Upon submitting the raw block header, the gateway expects the BlockHeaderData fields to be converted to big-endian byte order. This is required to maintain EVM's efficiency, which is contrary to Bitcoin's native little-endian integer serialization.
There are no "finality" rules in the SPVGateway contract. The determination of such is left to consuming protocols, allowing individual definition to meet required security thresholds.
The inclusion of an OPTIONAL addBlockHeaderBatch function offers significant gas optimizations. For batches exceeding 11 blocks, MTP can be calculated using timestamps from calldata, substantially reducing storage reads and transaction costs.
Backwards Compatibility
This EIP is fully backwards compatible.
Deployment Method
TBD
Test Cases
TBD
Reference Implementation
A reference implementation of the SPVGateway contract can be found here.
TargetsHelper is a supporting library that provides utility functions for working with Bitcoin's difficulty targets. It includes methods to convert the Bits field from a block header to the corresponding target value and vice versa, as well as functions to calculate the new difficulty target during adjustment periods.
Please note that the reference implementation depends on the
@openzeppelin/contracts v5.2.0,@solarity/solidity-lib v3.2.0andsolady v0.1.23.
Security Considerations
Among potential security issues, the following can be noted:
The security of the SPVGateway is directly dependent on the security of Bitcoin's underlying PoW consensus.
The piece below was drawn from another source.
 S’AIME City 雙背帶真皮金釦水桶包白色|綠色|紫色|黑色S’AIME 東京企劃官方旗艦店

A successful 51% attack on the Bitcoin network would allow an attacker to submit fraudulent block headers that would be accepted by the contract, compromising its state.
The block header validation rules require a Bitcoin node to check that the newly created block is not more than 2 hours ahead of the node's network-adjusted time. This check is impossible to implement on the SPVGateway smart contract, hence it is omitted.
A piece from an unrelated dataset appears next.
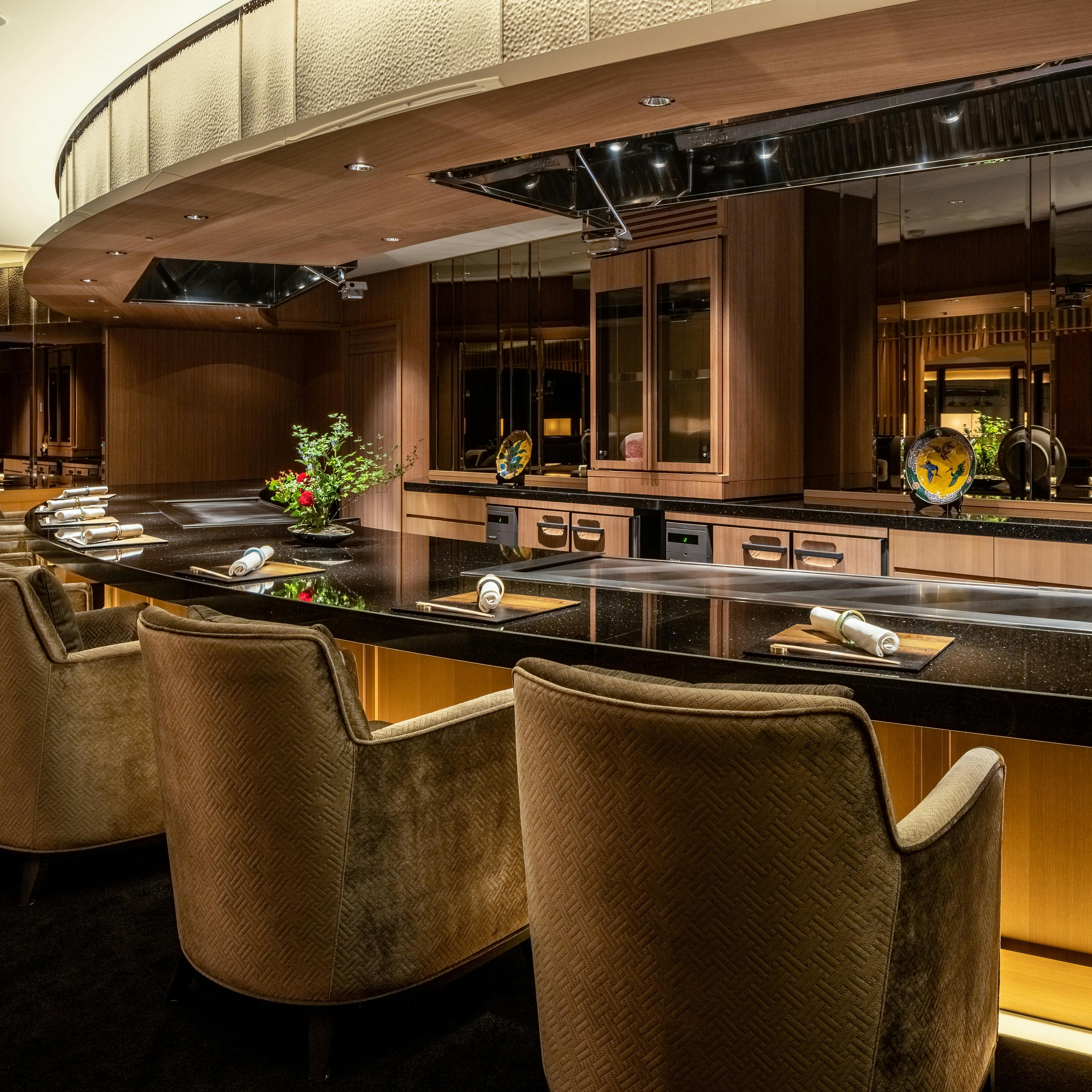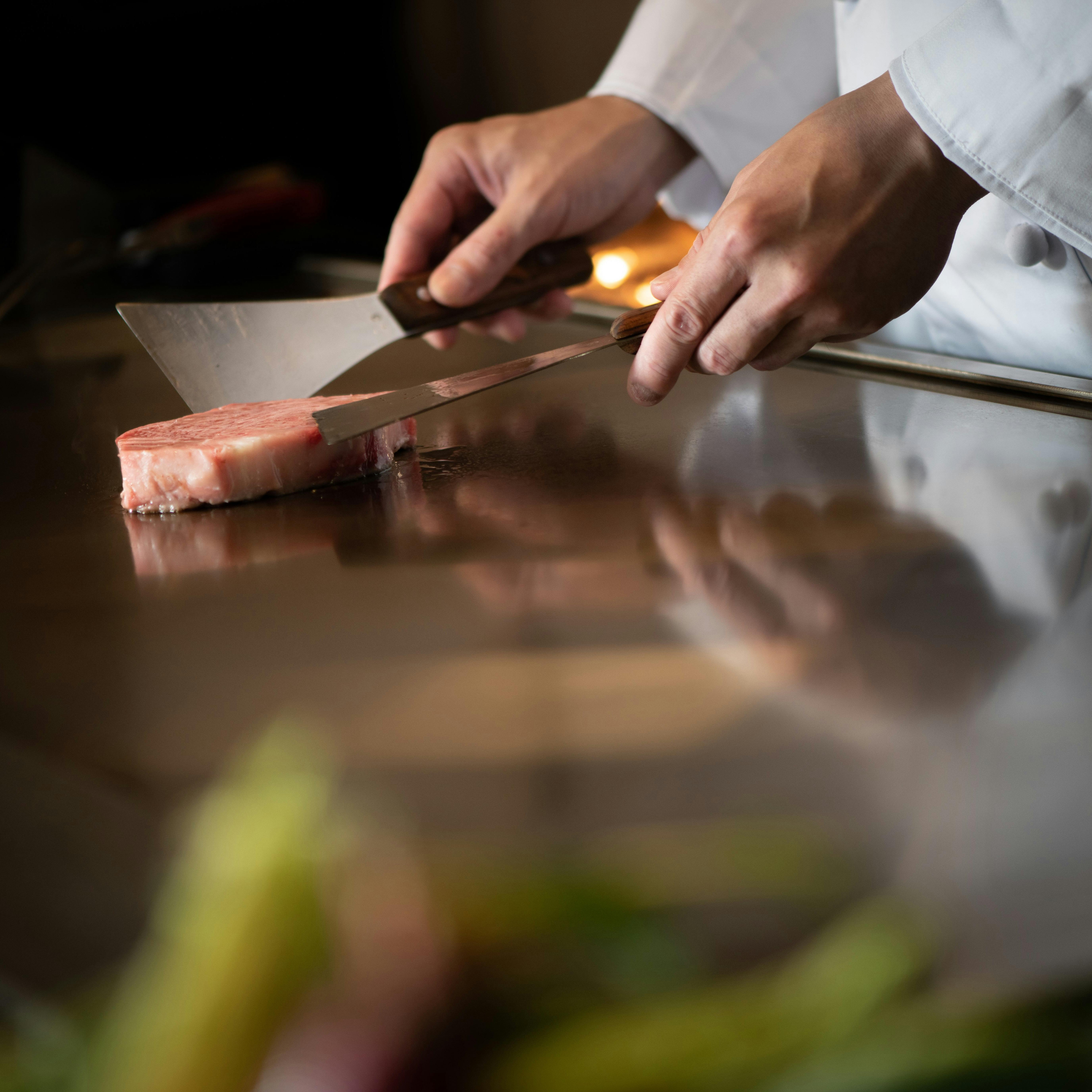 最上級の国内銘柄牛に地元の食材を厳選してご用意。目の前で音を立てて焼ける肉や魚介、鉄板から立ち上る香り、そして焼き手の見事な手捌きと仕草が、きっと心躍らせてくれることでしょう。洗練された味と技が織りなす一品で至福の時をお届けいたします。

Unlike other blockchain systems with deterministic finality, Bitcoin's consensus is probabilistic. The SPVGateway contract SHOULD be designed to handle chain reorganizations of arbitrary depth, but it cannot prevent them. As a result, transactions included in a block may not be permanently final. All dApps and protocols relying on this contract MUST implement their own security policies to determine a sufficient number of block confirmations before a transaction is considered "final" for their specific use case.
While the addBlockHeader function is permissionless and validates each new header cryptographically, the contract's initial state (its starting block header, height, and cumulative PoW) is a point of trust. The integrity of the entire chain history within the contract is built upon the correctness of this initial data. Although the EIP's design allows for flexible bootstrapping, the responsibility for verifying the initial state falls on the community and the dApps that choose to use a specific deployment of the SPVGateway.